§ **Task to complete**
Print the lines below from the line with "圖為國慶前夕拉薩河畔璀璨燈光 攝影:趙振宇" to the line with "Nestled along 150" exactly, keeping both ends, and print no pictures.

§ **Records for the exercise**
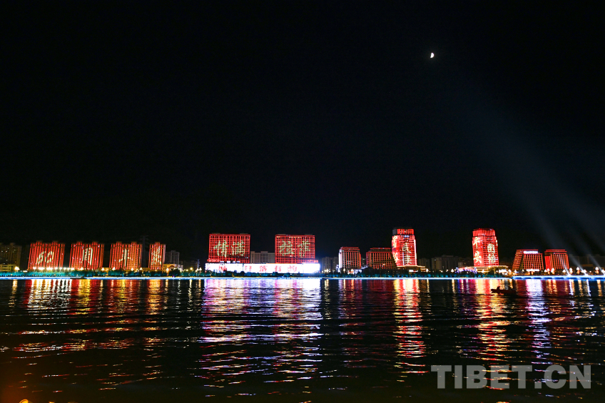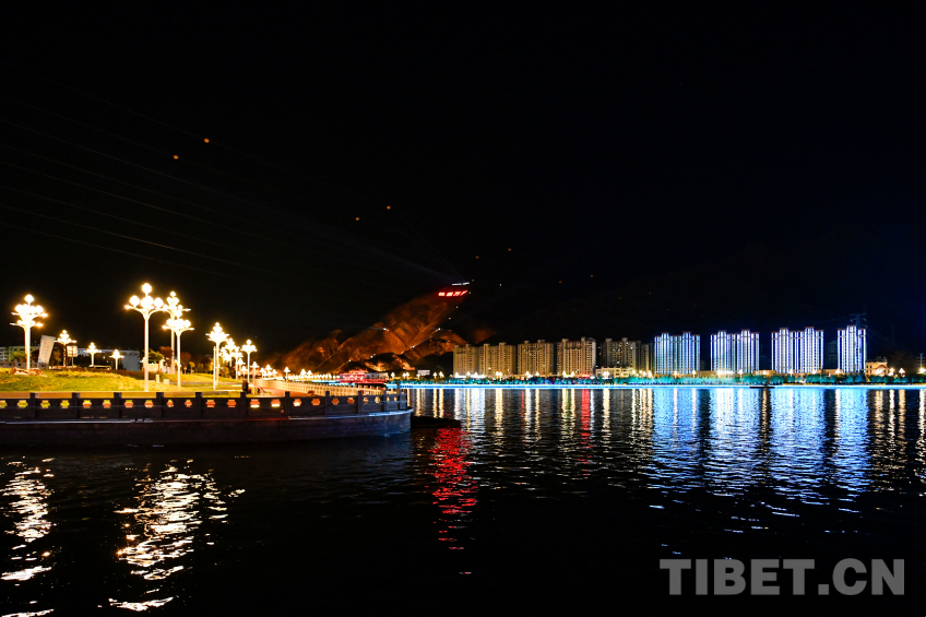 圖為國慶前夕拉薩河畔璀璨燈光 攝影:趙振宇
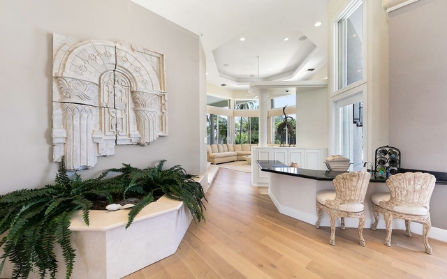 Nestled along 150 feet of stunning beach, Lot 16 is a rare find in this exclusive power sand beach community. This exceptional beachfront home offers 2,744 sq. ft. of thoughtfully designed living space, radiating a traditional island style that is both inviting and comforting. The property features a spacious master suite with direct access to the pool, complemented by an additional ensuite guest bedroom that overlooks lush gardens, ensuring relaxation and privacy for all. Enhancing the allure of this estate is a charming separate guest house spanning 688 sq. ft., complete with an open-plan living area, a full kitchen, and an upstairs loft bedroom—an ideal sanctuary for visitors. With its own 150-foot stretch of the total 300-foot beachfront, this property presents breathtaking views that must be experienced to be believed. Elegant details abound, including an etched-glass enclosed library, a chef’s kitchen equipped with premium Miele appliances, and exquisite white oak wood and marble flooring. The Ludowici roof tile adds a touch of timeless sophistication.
--
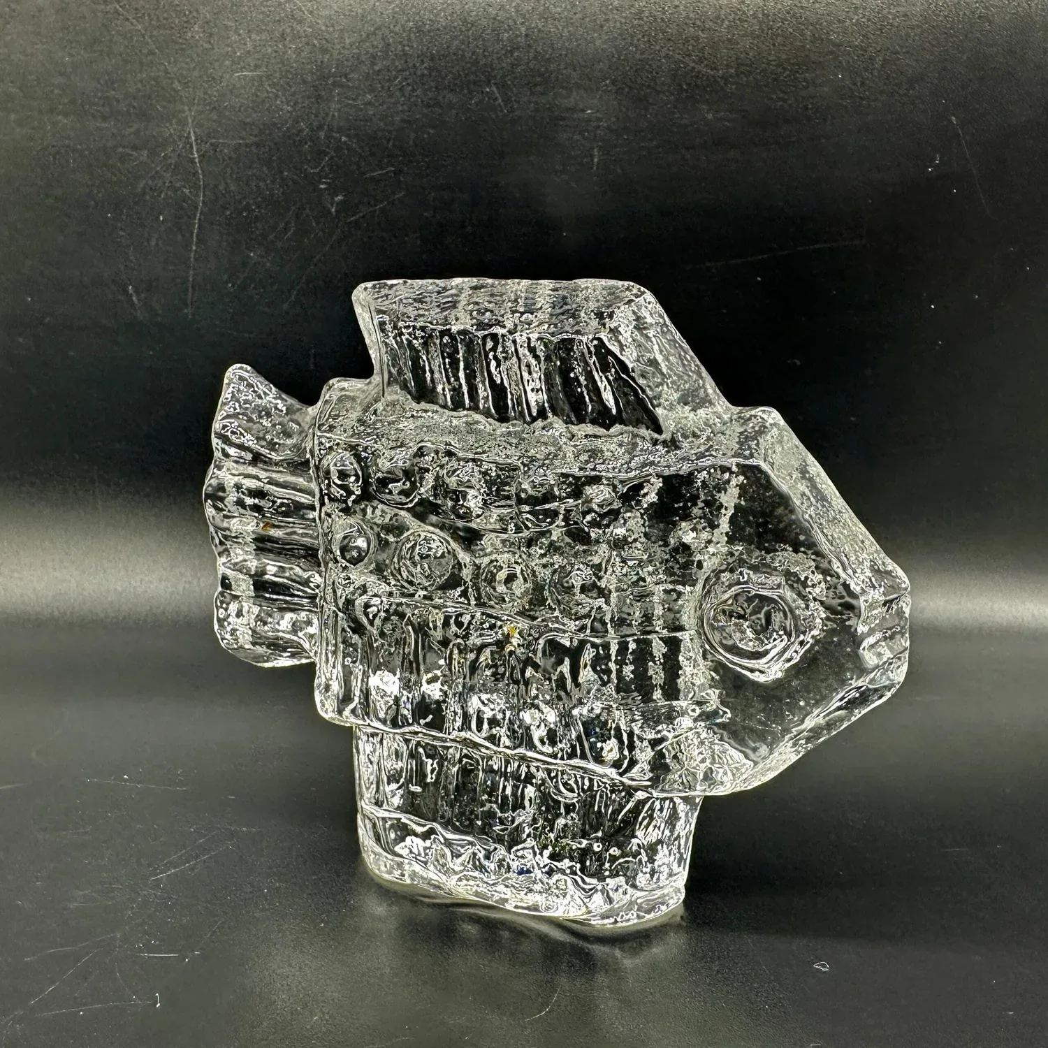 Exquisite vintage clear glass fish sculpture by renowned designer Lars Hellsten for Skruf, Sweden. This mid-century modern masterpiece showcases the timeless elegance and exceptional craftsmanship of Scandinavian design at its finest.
...
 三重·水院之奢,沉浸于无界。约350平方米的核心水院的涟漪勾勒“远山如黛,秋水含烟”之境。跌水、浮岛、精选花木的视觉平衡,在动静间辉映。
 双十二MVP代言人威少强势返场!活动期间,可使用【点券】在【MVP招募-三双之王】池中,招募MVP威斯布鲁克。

§ **Answer for the task**
 圖為國慶前夕拉薩河畔璀璨燈光 攝影:趙振宇
 Nestled along 150 feet of stunning beach, Lot 16 is a rare find in this exclusive power sand beach community. This exceptional beachfront home offers 2,744 sq. ft. of thoughtfully designed living space, radiating a traditional island style that is both inviting and comforting. The property features a spacious master suite with direct access to the pool, complemented by an additional ensuite guest bedroom that overlooks lush gardens, ensuring relaxation and privacy for all. Enhancing the allure of this estate is a charming separate guest house spanning 688 sq. ft., complete with an open-plan living area, a full kitchen, and an upstairs loft bedroom—an ideal sanctuary for visitors. With its own 150-foot stretch of the total 300-foot beachfront, this property presents breathtaking views that must be experienced to be believed. Elegant details abound, including an etched-glass enclosed library, a chef’s kitchen equipped with premium Miele appliances, and exquisite white oak wood and marble flooring. The Ludowici roof tile adds a touch of timeless sophistication.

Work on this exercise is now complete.